Exclude the pictures, then restate exactly each line of the data below from the first through the line containing "Red car battery".

---- MATERIAL PROVIDED

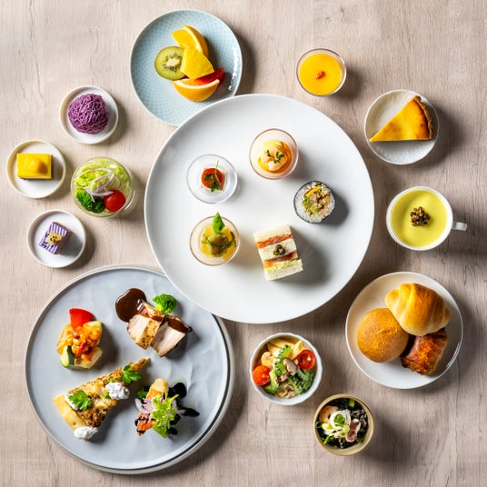 本フェアでは、旬の食材と沖縄の食文化を掛け合わせた、オリジナリティあふれるブッフェが登場します。定番の沖縄料理に新たなアレンジを施した「チキナーチャンプルー ガパオ風」や「タコライスの海苔巻き仕立て」など、伝統と遊び心を融合させた創作沖縄料理が並びます。スイーツにも沖縄の魅力を凝縮した「田芋のチーズケーキ」「黒糖ジーマミーアイス」「紅芋の生絞りモンブラン」など、素材の個性を生かしたラインアップをご用意。ディナーでは、シェフおすすめの一皿として「沖縄県産黒糖でマリネしたノルウェーサーモンの軽い燻製」を提供。やさしい甘みと燻香が調和した、フェアを象徴する逸品です。
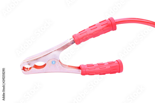 Red car battery charger tool isolated on white background with clipping path
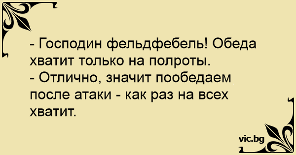 - Господин фельдфебель! Обеда хватит только на полроты.
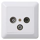 Antennuttag, GS MM 8dB, RS. Komplett Radio/TV- och multimediauttag med galvaniskt avskilda uttag där portarna är avskilda från varandra vilket ger en utökad säkerhet för personer och anslutna apparater. Uttagen används vid nyinstallationer i enlighet med en överenskommelse mellan Elsäkerhetsverket och kabel-TV operatörer. Uttaget är ett slututtag på 8dB. Centrumplatta och ram av halogenfri termoplast.
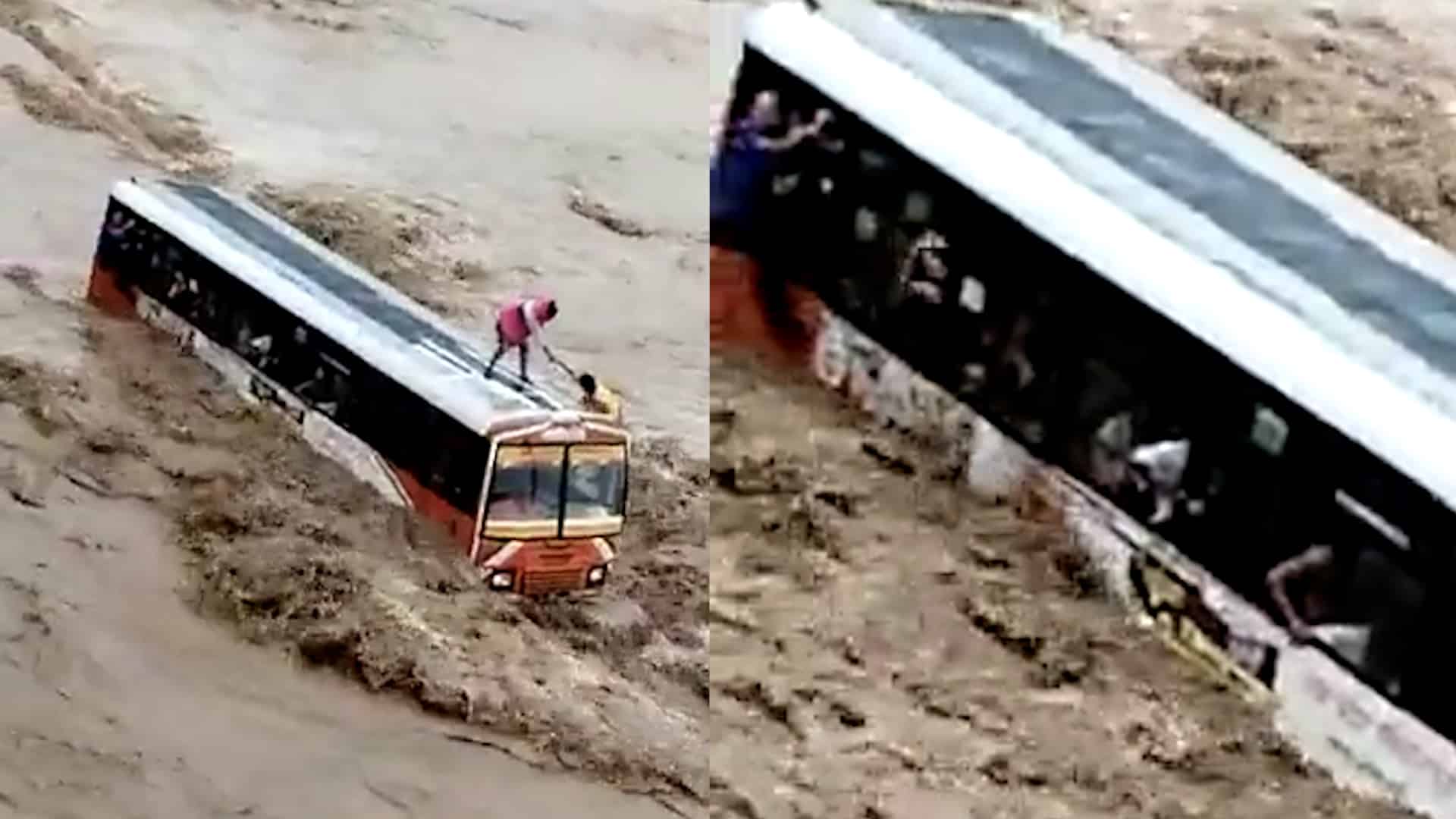 Mưa lớn đã khiến mực nước sông dâng cao, khiến chiếc xe buýt đi đến giữa sông thì không thể di chuyển tiếp và bị mắc kẹt giữa dòng nước dữ dội

--------

_TASK ANSWER_
 本フェアでは、旬の食材と沖縄の食文化を掛け合わせた、オリジナリティあふれるブッフェが登場します。定番の沖縄料理に新たなアレンジを施した「チキナーチャンプルー ガパオ風」や「タコライスの海苔巻き仕立て」など、伝統と遊び心を融合させた創作沖縄料理が並びます。スイーツにも沖縄の魅力を凝縮した「田芋のチーズケーキ」「黒糖ジーマミーアイス」「紅芋の生絞りモンブラン」など、素材の個性を生かしたラインアップをご用意。ディナーでは、シェフおすすめの一皿として「沖縄県産黒糖でマリネしたノルウェーサーモンの軽い燻製」を提供。やさしい甘みと燻香が調和した、フェアを象徴する逸品です。
 Red car battery charger tool isolated on white background with clipping path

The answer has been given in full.